At this point, it hardly feels like a headline since it happens so cyclically: Republicans are once again trying to defund Planned Parenthood, the largest provider of reproductive health care and sex education in the United States.

Last Thursday, Politico reported that after nearly coming to an agreement on funding levels with House Democrats, House Republicans “reneged on women’s health issues” during a discussion on the annual health spending bill for 2018. They are demanding several policies that threaten health care, including cutting off federal funding to Planned Parenthood as well as eliminating a federal family planning program. This comes on heels of President Trump’s administration slashing funding for the Teen Pregnancy Prevention Program.

Articles revolving around the bill trickled into my newsfeed at the end of last week, quietly juxtaposed with the massive waves of pride, conversation and activity sweeping across the internet for International Women’s Day. Hearing news of this attack on women’s freedoms feels like a stinging reminder of just how far we still have to go. Despite our progress and sense of empowerment in so many spaces, women’s autonomy and lives continue to be at stake.

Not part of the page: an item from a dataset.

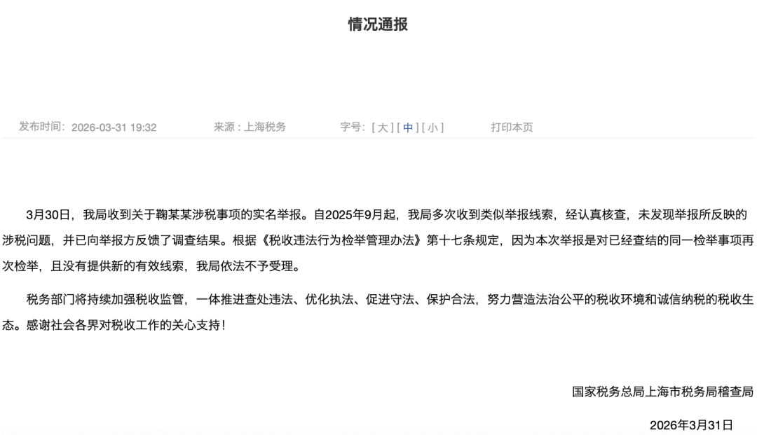 通报称,3月30日,国家税务总局上海市税务局稽查局收到关于鞠某某涉税事项的实名举报。自2025年9月起,该局多次收到类似举报线索,经认真核查,未发现举报所反映的涉税问题,并已向举报方反馈了调查结果。根据《税收违法行为检举管理办法》第十七条规定,因为本次举报是对已经查结的同一检举事项再次检举,且没有提供新的有效线索,该局依法不予受理。

Make no mistake: If attempts to defund Planned Parenthood come to fruition, people will suffer, particularly women, people of color, communities of lower socioeconomic status and rural communities with geographic barriers to health care. National Public Radio explains that Planned Parenthood’s federal funding  comes from Medicaid reimbursements and Title X grants. “Defunding” the organization would immediately block low-income, uninsured people — who depend on public health programs — from accessing health care. And since near half of its revenue comes from government funding, Planned Parenthood would struggle to maintain its centers and services in the same capacity.

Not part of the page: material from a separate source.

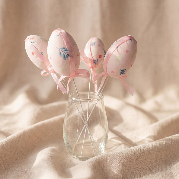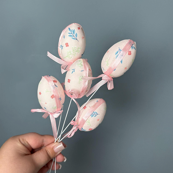 Этот очаровательный набор — настоящий символ весеннего праздника, где 5 декоративных яиц в розовых пастельных тонах с нежным цветочным принтом создают атмосферу тепла и волшебства. Каждое яйцо, аккуратно закрепленное на палочке и украшенное розовой лентой с бантиком, словно застывший волшебный момент из детской сказки. Набор легко превращается в уникальный декор для интерьера, стола или фотозоны, добавляя в пространство нотку праздничной радости.

Planned Parenthood currently plays a central role in providing health care to millions of people across the country. According to its 2016-2017 annual report, the organization saw 2.4 million patients and provided 9.5 million services. It’s the largest provider of sex education in the United States and has programs for schools, families and professionals. It has also conducted research in reproductive health for over 100 years and provides services such as birth control, pregnancy testing, emergency contraception, abortions and referrals, sexually transmitted disease testing, treatment and vaccines, HIV testing and medication, and LGBTQ education.

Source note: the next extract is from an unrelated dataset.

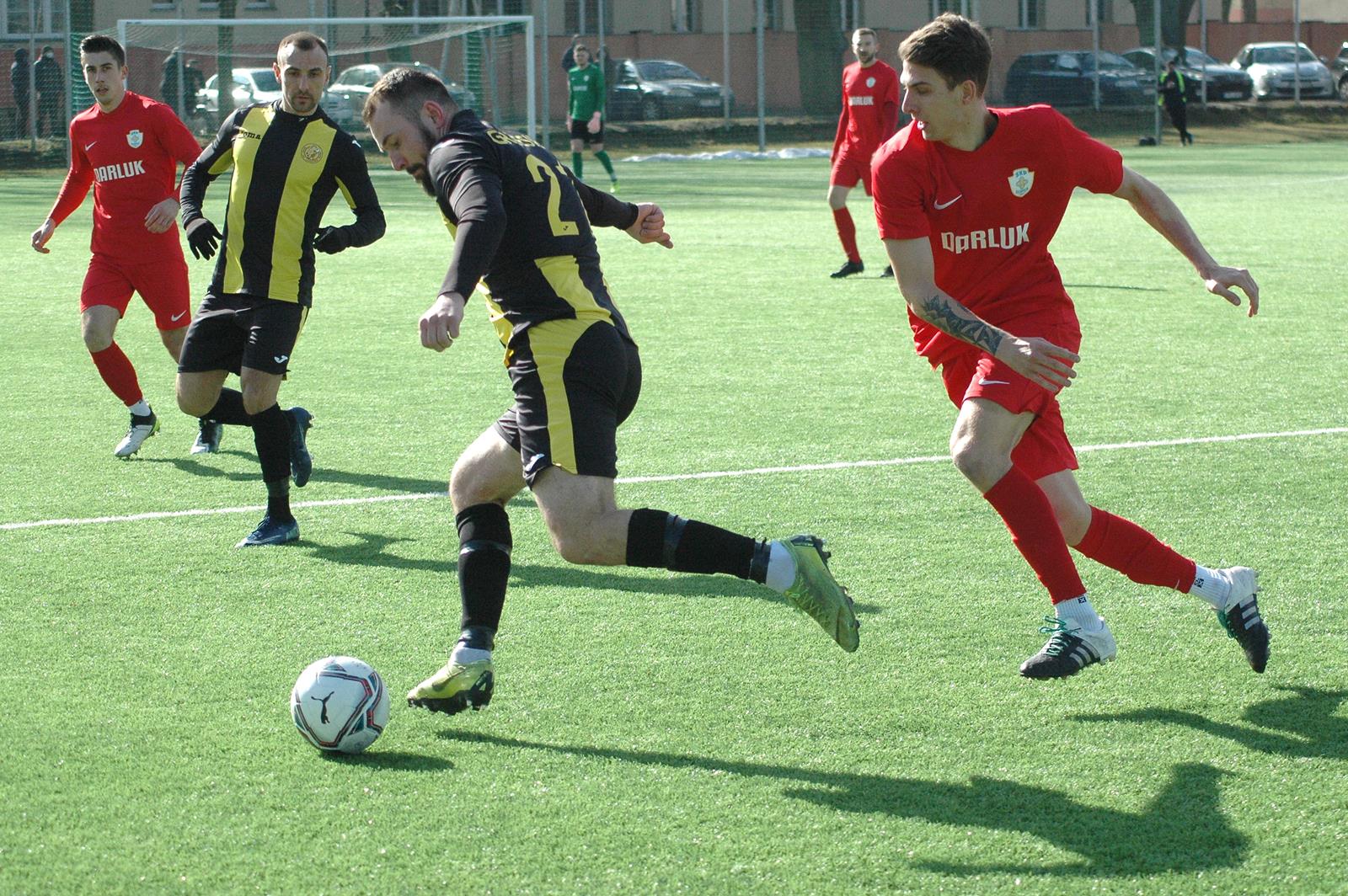 Mogli nawet objąć prowadzenie, marnując dwie niezłe okazje bramkowe. LKS przebudził się po kwadransie z okładem. Dwukrotnie bliskie powodzenia były uderzenia Krystiana Benuszaka. Nie udało się, ale do trzech razy sztuka.

Additonally,  Planned Parenthood provides critical services for people who don’t have other options. For example, 78 percent of its patients have incomes at or below 150 percent of the federal poverty level. According to the Guttmacher Institute, family planning health centers like Planned Parenthood are the only source of care for four in 10 women.

Brianna Jackson, a regional patient services associate for Planned Parenthood of Michigan and member of Planned Parenthood Advocates of Michigan, said in an interview that her interactions with patients remind her every single day of why she does her job: “Just today, I saw a patient who was coming in for an IUD (intrauterine device), which is usually standard. However, she is also homeless and is battling an eating disorder, depression and anxiety without medication. We got her signed up with Medicaid so she could have insurance moving forward to find a counselor and found her resources to go to a shelter if needed. We try and go beyond basic health care and address the patient and their needs as a person.”

Despite how much Planned Parenthood means to women’s health care, rights and education, anti-abortion activists have unleashed smear campaigns against the organization and lawmakers have relentlessly attempted to strip it of funding. But this crusade is nothing new. Planned Parenthood has been routinely demonized throughout its history, and its activities have been unfairly framed, time and time again, as morally objectionable.

Even its beginnings are rooted in fighting stigma. When Margaret Sanger opened the first birth control clinic in the United States in 1916 and distributed birth control as well as health information to women, she and her staff were arrested within two weeks for distributing the materials. (This clinic was later organized into what would become Planned Parenthood after national attention was brought to her cause). And since the 1970s, many state and federal attacks have been made to circumvent access to abortions and criticize Planned Parenthood for being a significant provider of abortion services.

The common denominator? An ideological push that views women as second-class citizens. Yesterday, it was birth control. Today, it’s abortion. Tomorrow, it might be something else critical to women’s health.

Jackson says of the consistent attacks: “At the end of the day, we want to offer comprehensive women’s health care, and some people really don’t like that. Because of the fact that we offer abortion services, because we’re such a large organization and because we receive federal money, we’re being attacked. But we are never going to stop abortion services just so the attacks stop. Safe and legal abortions are part of women’s health care and part of their rights.”

This new threat of defunding is particularly worrisome due to the Trump administration laying the groundwork to roll back protection of abortion rights. But we must be resilient, we must support women and we must fight for organizations that do critical work for women. I stand with Planned Parenthood.